Unlike the contemporary sixth-rate frigates of 28 guns, which were derived from French designs by Slade, the Southampton class were fully British-designed.  Unlike the French models, these ships had considerably more height on the lower deck, and were originally intended to work their cables here.

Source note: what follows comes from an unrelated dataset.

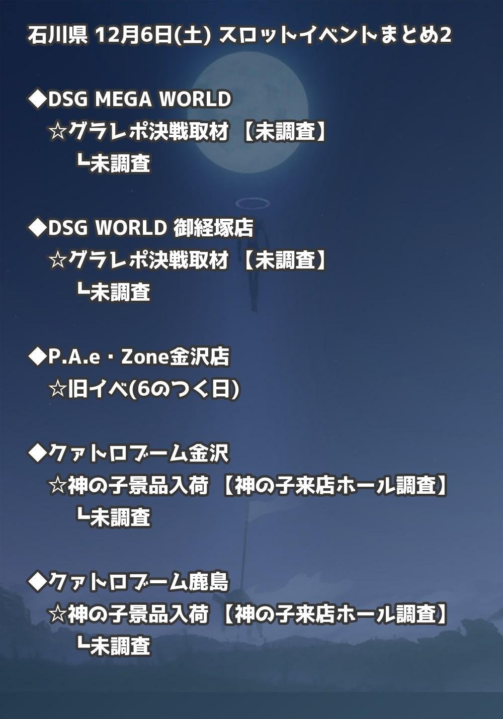 【石川県】12月6日(土) パチンコホールイベント取材まとめ記事です。

A total of four ships were built in oak during the Seven Years' War, all ordered from private shipyards. The initial design was approved on 12 March 1756, and provided for a ship of 648 37/94 tons burthen, and the contract with Robert Inwood to build the prototype reflected this.  On 25 May the design was modified by Slade to lengthen the ship on the lower deck by 3 inches, and along the keel by 10½ inches, thus raising the tonnage to 652 51/94 burthen; on the same date, the name Southampton was approved for the prototype, and two further ships were ordered to be built to this design, with a fourth vessel being ordered one week later.

Ships in class 
 Southampton
 Ordered: 12 March 1756
 Built by:  Robert Inwood, Rotherhithe.
 Keel laid:  April 1756
 Launched:  5 May 1757
 Completed:  19 June 1757 at Deptford Dockyard.
 Fate:  Wrecked in the Bahamas on 27 November 1812.
 Minerva
 Ordered: 25 May 1756
 Built by:  John Quallet, Rotherhithe.
 Keel laid: 1 June 1756
 Launched:  17 January 1759
 Completed:  3 March 1759 at Deptford Dockyard.
 Fate:  Captured by the French on 22 August 1778. Retaken on 4 January 1781 and renamed Recovery 20 April 1781. Sold at Deptford Dockyard 30 December 1784.
 Vestal
 Ordered: 25 May 1756
 Built by:  John Barnard & John Turner, Harwich.
 Keel laid:  June 1756
 Launched:  17 June 1757
 Completed:  17 August 1757 at the builder's shipyard.
 Fate:  Taken to pieces at Deptford Dockyard in June 1775.
 Diana
 Ordered: 1 June 1756
 Built by: Robert Batson, Limehouse.
 Keel laid:  June 1756
 Launched:  30 August 1757
 Completed:  12 September 1757 at Deptford Dockyard.
 Fate:  Sold at Deptford Dockyard on 16 May 1793.

References 
 Robert Gardiner, The First Frigates, Conway Maritime Press, London 1992. .
 David Lyon, The Sailing Navy List, Conway Maritime Press, London 1993. .
 Rif Winfield, British Warships in the Age of Sail, 1714 to 1792, Seaforth Publishing, London 2007. .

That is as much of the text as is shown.